Neuer Kontostand: ein ßilberling, ein Ende
Blatt 16: Vorgestern also
Das Lindenbankhaus – Ihre Andere Bank
Auszug 35 159 23 5, Blatt 16
Aktueller Kontostand: ein ßilberling, ein Ende
RLG Vorgestern also! Ein völlig normaler Arbeitstag eigentlich, bei näherer Betrachtung. Ach, wenn es nur dabeigeblieben wäre. Nein, einen Lauf hat es genommen, ein Unglück nach dem anderen.
ßilberling Selbst wenn man nicht so gewollt hätte?

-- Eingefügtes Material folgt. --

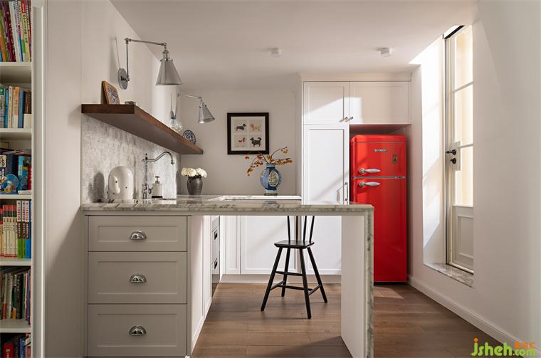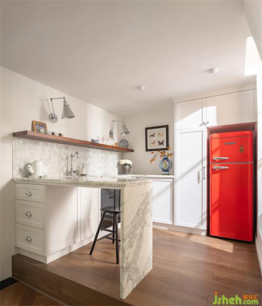 這里最為點(diǎn)亮空間的便是紅色的復(fù)古冰箱,讓人的視覺情不自禁被它吸引,廣州復(fù)式設(shè)計(jì)在素色的櫥柜中給予一抹熱情的點(diǎn)綴。櫥柜部分則繼續(xù)沿用了樓下的雪花白大理石元素,臺(tái)上的裝飾,讓人更多的感受到這是一個(gè)放松的空間。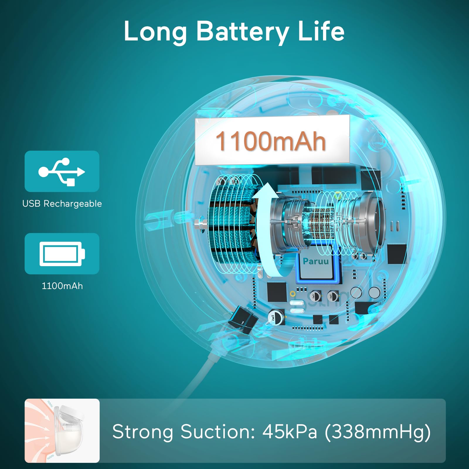 One Charge for One Day: The hands-free breast pump can be fully charged in 2 hours for 120 minutes (4-5 sessions) usage. 1100mAh battery. USB charging.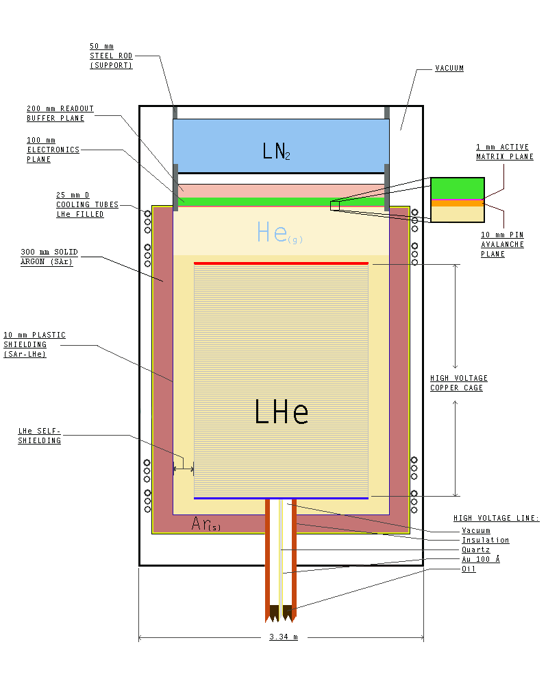 - The LHe e-Bubble Chamber system comprise of the LHe e-Bubble Test Chamber and LHe/LN2 Cryostat. The LHe/LN2 Cryostat provides a low temperature of 4.2K environment, which contains the LHe test chamber and provides the helium vapor cooling (2.2~4.2K) to it. The LHe/LN2 Cryostat includes a vacuum chamber, a liquid helium service vessel, and a liquid nitrogen service vessel, which are disassembled to get access to the test chamber. Two radiation heat shields (80K and 4.2K) are thermally attached to the two vessels, respectively. The cryostat has two optical windows at the sides and one at the bottom of the vacuum chamber and each heat shield for radioactive sources, light transportation and optical measurements.
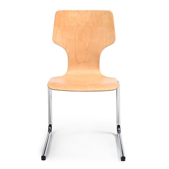 (LIKELY OF) GERMAN MANUFACTURE; DISTRIBUTED BY GORDON RUSSELL CONTRACTS LTD. EIGHT STACKING CHAIRS; CIRCA 1975 Formed plywood, aluminium 81cm high x 45cm wide x 45cm deepProvenance: Purchased directly from Gordon Russell Contracts Ltd in 1975.We would like to thank the Gordon Russell Archive for their assistance in cataloguing this lot. Condition Report: Various signs of minor wear to the wood - nicks, dints, marks, scratches to the surface in line with age and use. All surface, only one loss, to the back of one chair found. Some discolouration from the above surface conditions mentioned, but overall they present well and are all very sturdy. The chrome is in nice condition throughout. Condition Report Disclaimer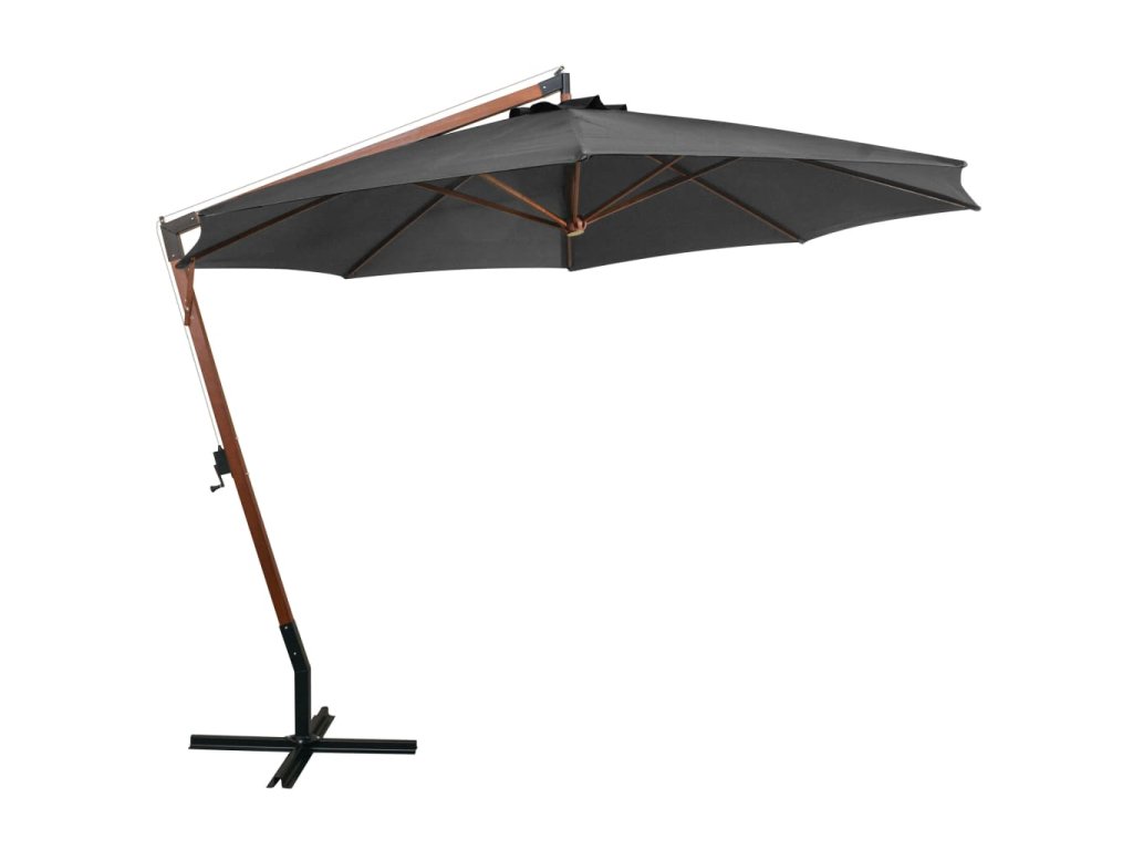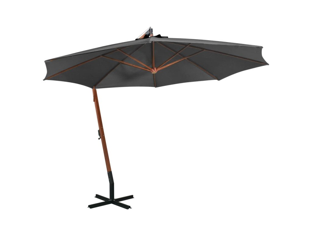 Marketos Závěsný zahradní slunečník s tyčí antracit 3,5x2,9m masiv jedle
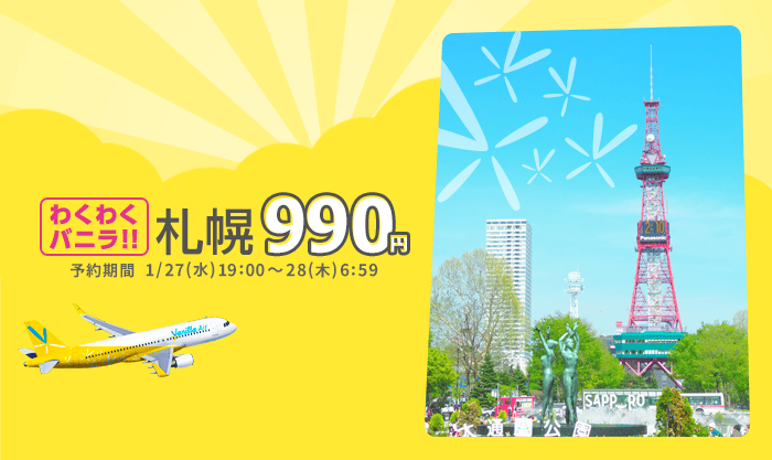 抵呀!下午6時開搶!6月30日前出發!東京飛札幌單程只需990円(約$65) – 香草航空 Vanilla Air (優惠至1月28日5:59am)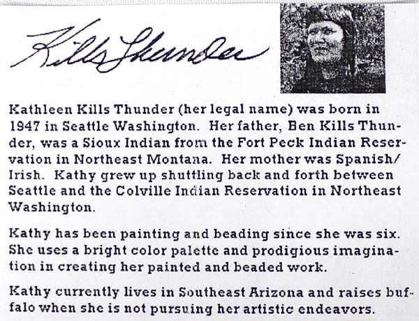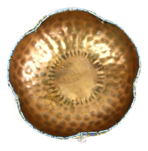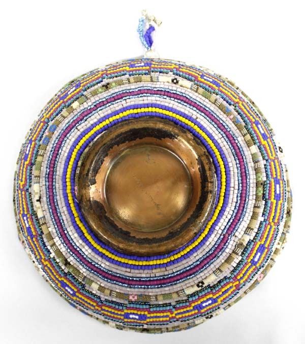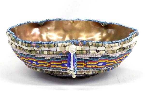 Hand Beaded Hammered Copper Bowl by Kills Thunder, measures 3''H x 10''D, she has incorporated beadwork along with colorful cloth rope, Artist Bio: Kathleen Kills Thunder (her legal name) was born in 1947 in Seattle, WA. Her father, Ben Kills Thunder, was a Sioux Indian from the Fort Peck Indian Reservation in NE Montana and her mother was Spanish/Irish. Kathy has been painting and beading since she was six.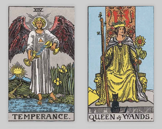 タロットカードでは「節制」と「ワンドのクイーン」が出ました。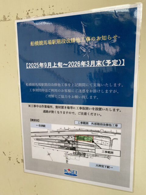 船橋競馬場駅では、2025年9月上旬から2026年3月末(予定)までの期間、階段改修他工事が実施されています。工事は京成建設が担当しており、外部階段と内部の改修が進められています。
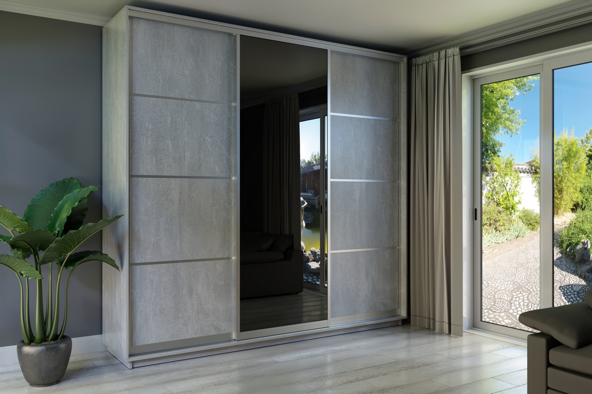 Šatní skříň INDUSTRIAL 250 šedá/grafit zrcadlo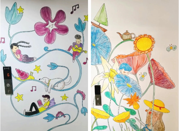 金梅园居民区“第二梯队”成员韩信是一名疗愈插画师。为推动楼道旧貌换新颜,他带领“彩绘小分队”连续三周深入楼道,用卷尺丈量每处墙面尺寸,用粉笔标记修复符号,精心构思每个细节,设计出了许多种方案供楼内居民选择。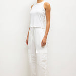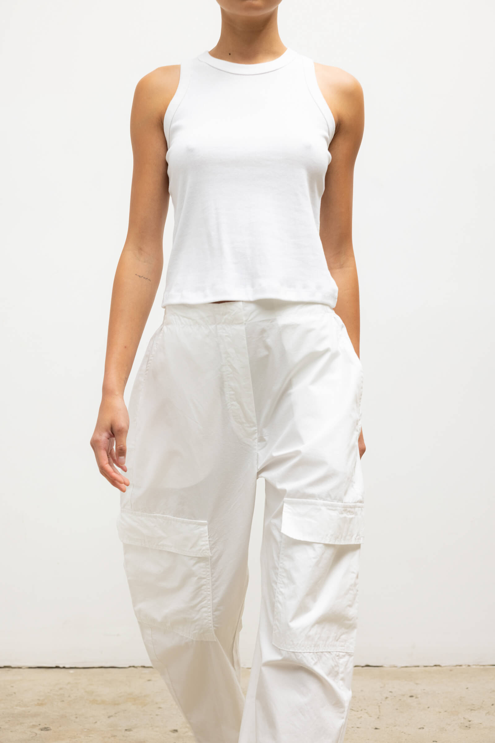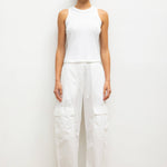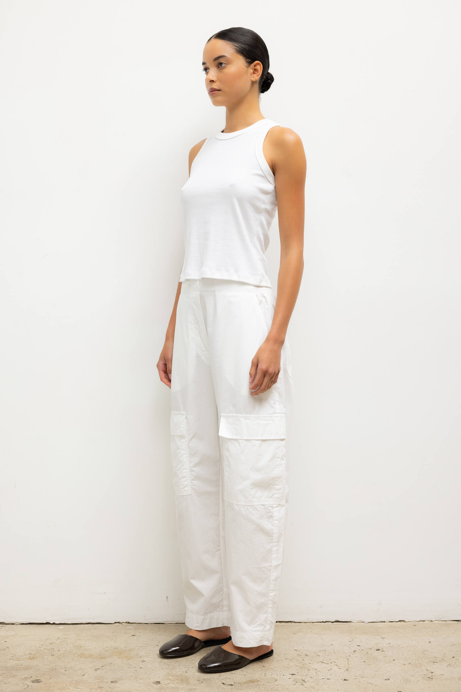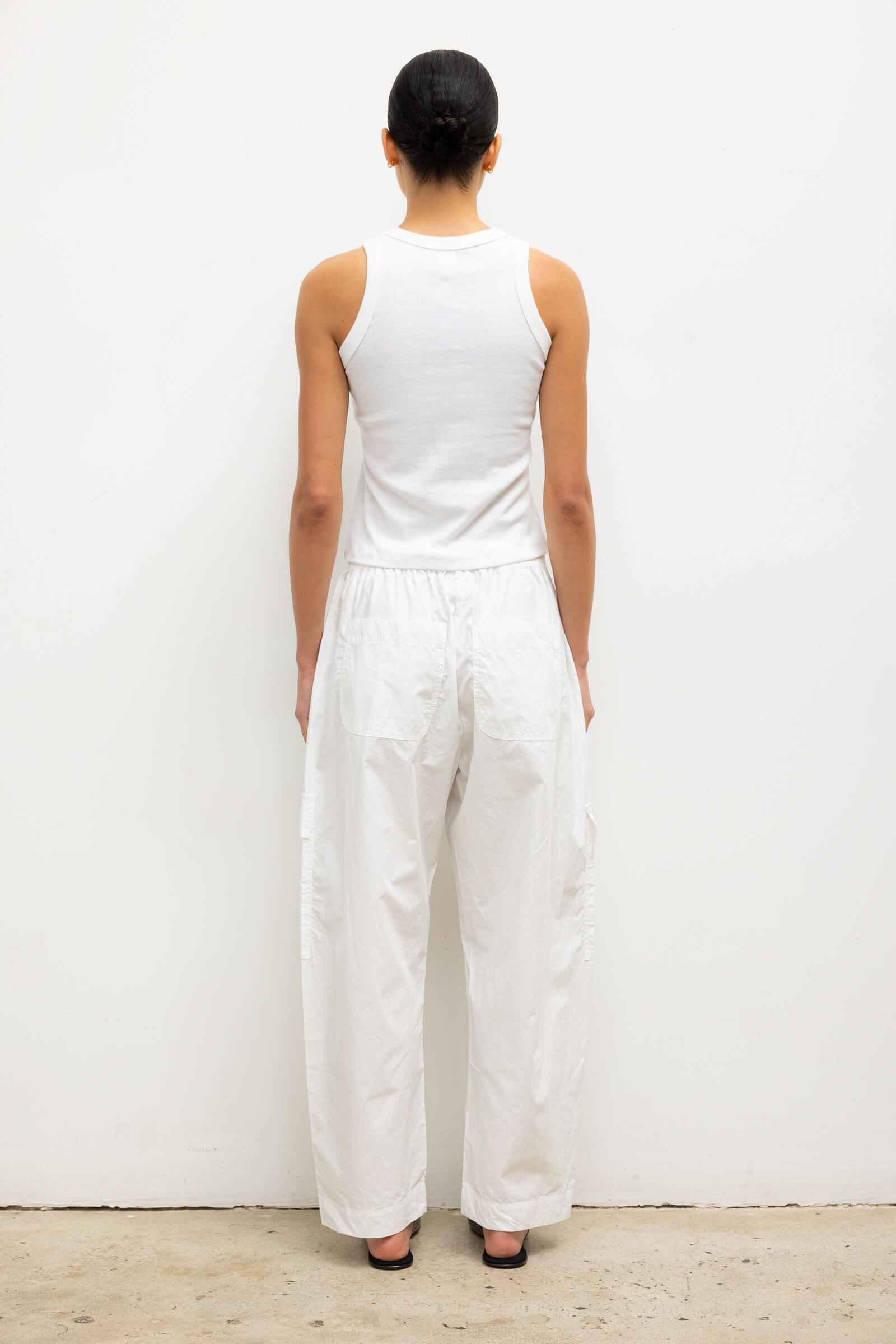 Cut in our garment dyed Kyoto Cotton, The Kyoto Barrel Pant is a utility-inspired trouser featuring a faux zip fly front, ruched elastic back waistband, and front patch pockets.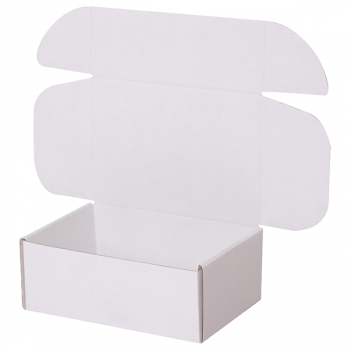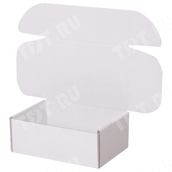 Короб КС-405 МГФ, серии КС-400, белый, длиной 195 мм, шириной 135 мм и высотой 75 мм. Изготовлен из микрогофрокартона Т-23. Полезный объём — 1.95 л.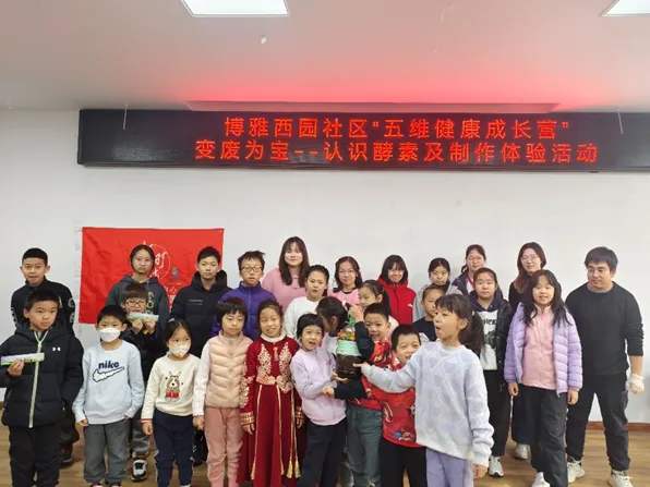 1 月 27 日,博雅西苑社区热闹非凡,一场别开生面的 “五维健康成长营” 之 “变废为宝 —— 认识酵素及制作体验” 活动在社区活动室成功举办,吸引了众多小朋友和家长参与。与此同时,“花事雅聚 酵素传经 —— 博闻雅议邻里分享会” 也同步开展,让社区居民在交流中共创绿色生活方式。

RLG Hach, mein ßilberling, hach. Nicht weit von der Werkstatt waren sie nämlich gerade beim Renovieren einer schmucken Altbauwohnung gewesen, am frühen Morgen war Radius Lehr mit einem quietschenden Leiterwagen vorgefahren, oder war es nicht so, dass eigentlich nur noch letzte Aufräumarbeiten vorzunehmen waren? Doch, doch, immerhin, zunächst Pinsel und Eimer eingesammelt und runtergetragen, Tapetenrollen, oder besser gesagt, was davon übriggeblieben, das Zuklappen der Tische nicht zu vergessen, und die zusammengekehrten Schnipsel und Abfälle blauen Müllsäcken zugefügt. Nach dem Verscharren auf dem Leiterwagen hatte dann nur noch der Boden der Wohnung geschrubbt zu werden, blitzblank wohlgemerkt, von einen jeglichen Farben – und Leimresten freigemacht. Kurz vor Mittag so gut wie fertig mit allem, unterwegs schnell noch das eingesammelte Leergut beim Tankwart Tunkel abgegeben. Gegen ein ordentliches Pfandgeld, denn war während dem Aufenthalt nicht immerhin ordentlich was zusammen gekommen; in der Werkstatt schließlich die Münzen in eine auf einem Regal zwischen einen hundertprozentig hoffnungslos verkratzten Erste – Hilfe – Kasten und einem völlig vergilbten Leitfaden für das Ausüben des Malerhandwerks rankende Blechdose zugefügt, worauf auf einem verdreckten Heftpflaster ein mit hellblauer Kugelschreibermine gekrakeltes Wort gekrakelt worden war, welches bei gutem Willen als „Kaffee“ entzifferbar. Kein Zweifel, und gekrakelt kein Ausdruck, beileibe nicht, ja, ist dem Ganzen nicht so gewesen?